Mr Mukunda is not only impressed with the move to clear the accumulated debts owed to local suppliers and producers, but wants accounting officers held responsible for delayed or non-payment of local businesses that supplied government.

His prayer has not fallen on deaf ears as the Secretary to the Treasury and Permanent Secretary (PSST) at the Ministry of Finance, Dr Ramathan Ggoobi, issued a warning to accounting officers regarding the same, saying they will “pay the price with their jobs”.

The CSBAG executive director recommended focus on financing for improved market access for Small and Medium Enterprise (SMEs), expediting the passing of the Local Content Bill and doubling of funding for SMEs to at least Shs500 billion.
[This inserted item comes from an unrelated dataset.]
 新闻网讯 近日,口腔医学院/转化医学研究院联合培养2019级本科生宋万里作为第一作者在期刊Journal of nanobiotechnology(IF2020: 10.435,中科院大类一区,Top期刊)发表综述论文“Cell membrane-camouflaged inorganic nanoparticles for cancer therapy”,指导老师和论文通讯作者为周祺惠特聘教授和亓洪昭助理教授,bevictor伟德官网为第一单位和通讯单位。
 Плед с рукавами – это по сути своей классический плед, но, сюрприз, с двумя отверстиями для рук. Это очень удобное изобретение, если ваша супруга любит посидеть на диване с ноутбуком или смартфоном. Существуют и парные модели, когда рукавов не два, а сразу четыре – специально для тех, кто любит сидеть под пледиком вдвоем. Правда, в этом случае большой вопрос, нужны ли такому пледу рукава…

Radically perhaps, Mr Mukunda is not a fun of Emyooga and other related funds, urging the government to scrap it and integrate it into the Parish Development Model—PDM.

Experts take….

When interviewed for this article, Dr Maggie Kagozi, a business consultant at the United Nations Industrial Development Organisation (UNIDO) and the senior research fellow at the Economic Policy Research Centre (EPRC), Dr Madina Guloba, both were of the view that no matter what - economic sectors such as health, education and agriculture must be part of the top budget priorities in the next financial year 2022/23.

 The former executive director of Uganda Investment Authority (UIA) further added into the mix the oil and gas sector expected to begin commercial production of oil by 2025. Dr Guloba added infrastructure, but noted that they should go about it in a pragmatic way.
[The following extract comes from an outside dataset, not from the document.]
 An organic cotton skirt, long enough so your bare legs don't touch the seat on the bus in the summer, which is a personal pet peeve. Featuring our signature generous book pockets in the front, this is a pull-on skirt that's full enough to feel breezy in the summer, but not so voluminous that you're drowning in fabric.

According to Dr Kigozi, this is not the time to be careless but improve the aforementioned sectors, beginning with improving the welfare of health personnel. Then ensure that health centres I and II are given the necessary attention since they handle most people.

 In addition, the drive to deepen vaccination should continue in high gear.  As all that is happening, she says, “Our farmers must have access to information and our extension workers should be given transport such as motorcycles to help them sensitise farmers about better farming practices.”  

Economic Recovery

The theme of the National Budget Framework Paper for the FY2022/2023 is “Full monetisation of the Ugandan Economy through commercial agriculture, industrialisation, market access and digital transformation”.

Economic recovery will be achieved by boosting aggregate demand through restoring domestic consumption, renewing private and public investment, and enhancing export promotion.

Enhancing the quality and stock of productive infrastructure through maintaining a good road network system, rehabilitation of the railway, electricity transmission to industrial parks, undertaking studies and acquiring infrastructure corridors for future investments; and,

Achieving macro-economic targets including Middle income status, increasing Domestic revenue taxes and reducing the proportion of households in the subsistence sector through the implementation of the Parish Development Model.